No hay nada más difícil en esta vida que aprender a desaparecer.
El confinamiento no sólo nos ha hecho desaparecer de las calles, que hoy lucen preciosas sin el componente humano y la aglomeración, sino que nos ha condenado también a una desaparición en el ámbito social.
Hoy la gran mayoría de la población no tiene necesidad de vestirse, de maquillarse, ni de prepararse para salir y ser visto.
Y esta transparencia doméstica a la que nos ha obligado la pandemia, resulta relajante para algunos, (esos que disfrutan de un espacio en blanco entre tanto colorido) y sumamente estresante para otros.
No han sido pocos los que se han volcado a las redes sociales como locos, a hacer lo que sea, con tal de no desaparecer de la mirada externa; y son esas personas para los que la atención, resulta ser tan adictiva como la heroina.
Muchos se han aficionado a plataformas como tik tok o Instagram y han comenzado a subir historias de todo tipo, con la excusa de mantener entretenidas a las masas o vigente su imagen de persona pública.
Algunos han decido exponer su confinamiento familiar, sus pijamas de pandemia y demás intimidades, con la intención de entretener a la gente y evitar que se aburra.
Pero uno se queda dudando, si es en realidad la gente lo que de verdad les importa.
Si te empeñas en investigar un poco, existen exposiciones en este confinamiento para todos los gustos.
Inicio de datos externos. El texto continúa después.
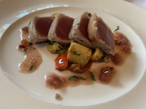 Next, a perfectly prepared piece of Halibut. Seared and seasoned simply, delicious. They were happy to replace my fennel and chars with marble potatoes. Never making me feel like it was any trouble. Very nice wine by the glass selection.
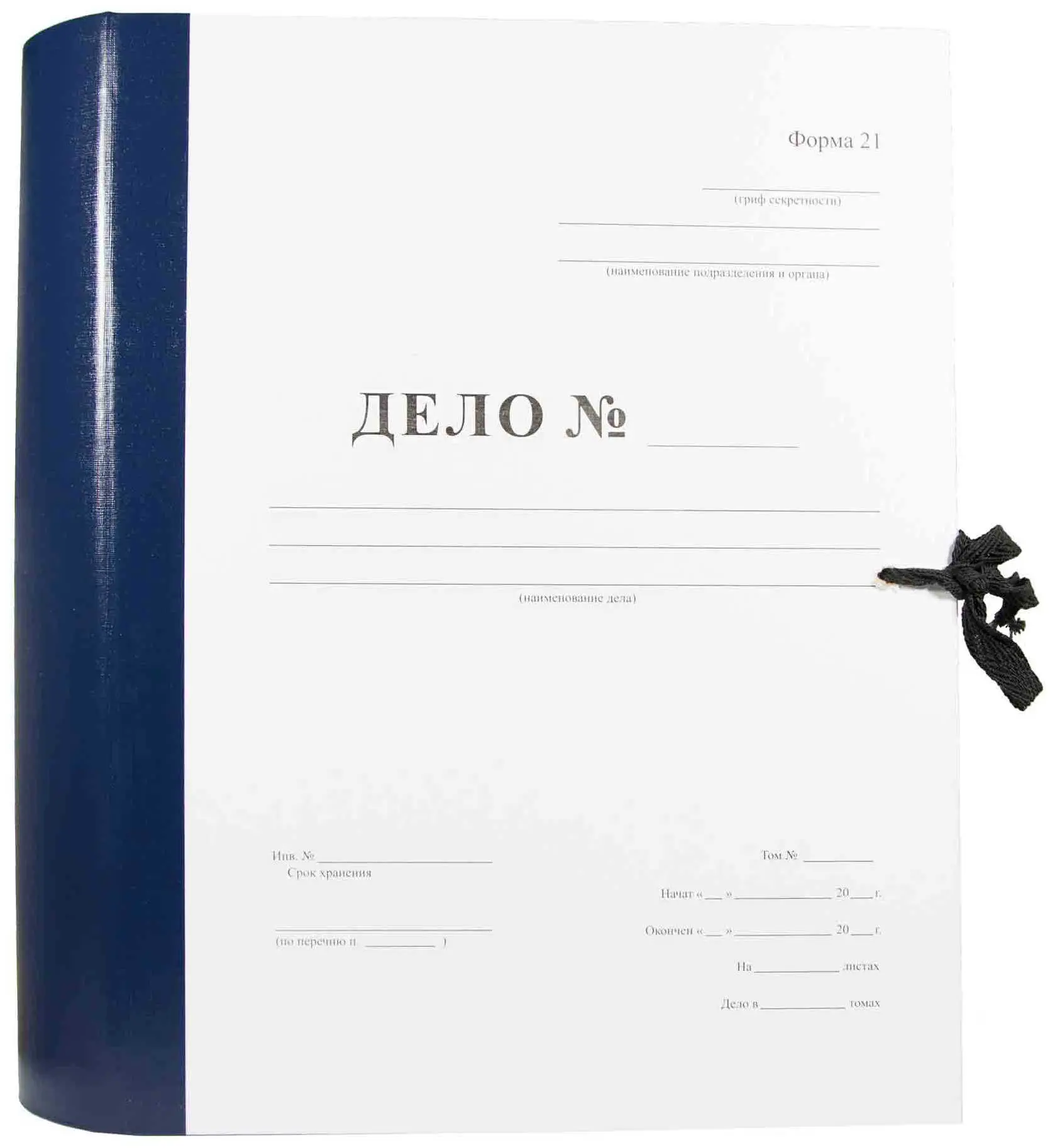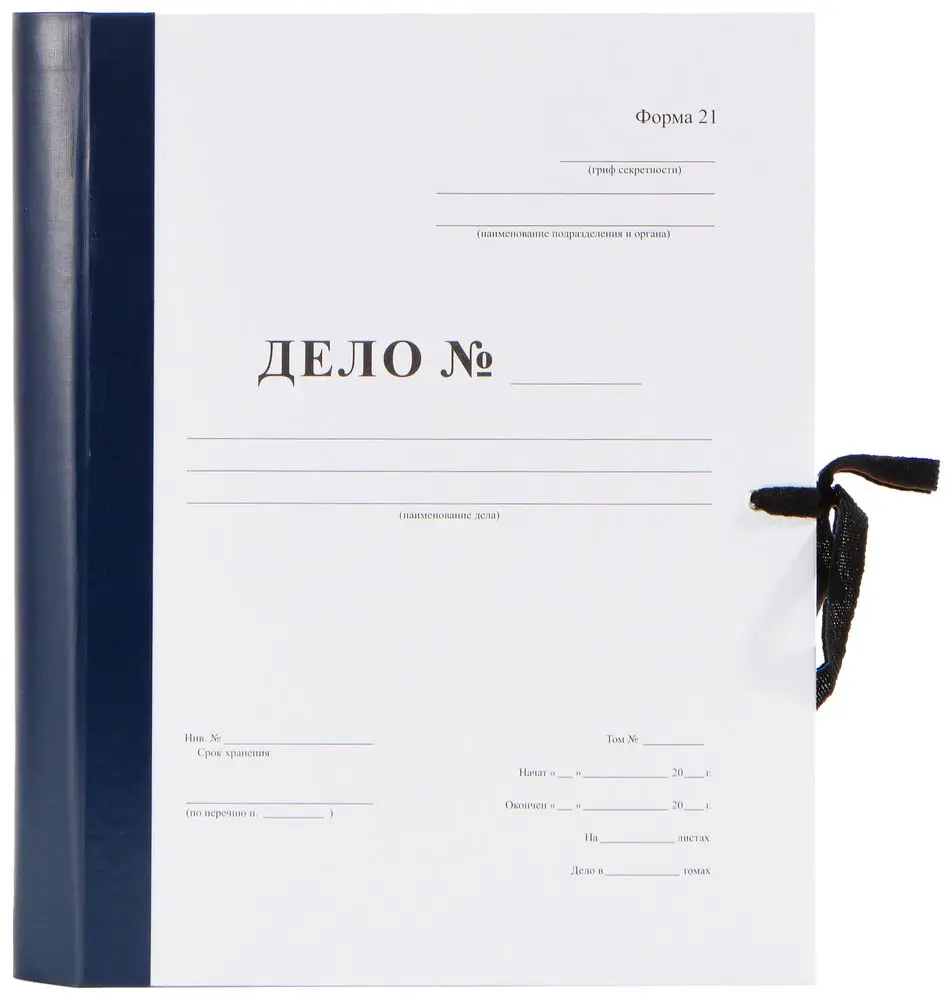 Архивная папка "Дело" (форма 21) А4, 20 мм, бумвинил, с цельнокройным гребешком, шнурки, синяя

Personalmente, considero a la gente con capacidad para la invisibilidad como a gente especial.
Volverse invisible es un arte que no maneja la mayoría de las personas y cuando tienes la oportunidad de estar con alguien así, sientes que presencias un milagro.
Esta pandemia nos ha traído mucho sufrimiento por las personas enfermas, pero también nos ha dado la oportunidad de hacer muchos descubrimientos personales. No todos agradables, pero todos provechosos.
Este es un tiempo de invisibilidad profunda, de mascarillas que cubren la mayor parte de nuestro rostro, de distancias obligatorias, silenciosas y temerosas del contagio y del otro.
Pero la invisibilidad a la que yo me refiero, poco tiene que ver con el cuidado y con la preservación de la salud propia. No es una invisibilidad que me protege, sino una que se entrega.
Este otro tipo de invisibilidad abarca y no separa. Es una invisibilidad que tiene que ver con el desapego del yo y del mi.
Desgraciadamente, no todo son cacerolas y agradecimientos a las 8 de la tarde. Y los mismos que golpean eufóricos las cacerolas a una hora, a la siguiente y con la misma mano, redactan una carta al personal sanitario que vive en el edificio, solicitándole que se mude para no poner en riesgo al resto de propietarios.
Hay mascarillas que ocultan una gran miseria humana y que seguramente prevengan el contagio del coronavirus, pero no ayuden a dejar de ser una persona de mierda.
Y es que se nos está yendo mucha gente buena, generosa, entregada, invisible. Y nos quedan muchos sanos, llenos de gel desinfectante, mascarillas de protección triple A, cristales de coche anti Coronavirus y corazones de piedra.
Quedan muchos sanos, pero podridos.
He oído a muchos que se dicen religiosos hablar del Apocalipsis y de Purificaciones, con cara de piedra y sin quitarse la mascarilla.
¿Qué significa «purificar» para un hombre verdaderamente religioso?
Algunos consideran a la purificación como a ese consagrarse dentro del grupo del pueblo elegido; se purifica el mundo cuando mueren todos menos yo y los míos.
Pero para aquel capaz de hacerse invisible, la verdadera purificación empieza por casa.
La purificación para el verdadero santo, no tiene forma de pueblo elegido, ni de plaga, ni de arca, sino de cruz.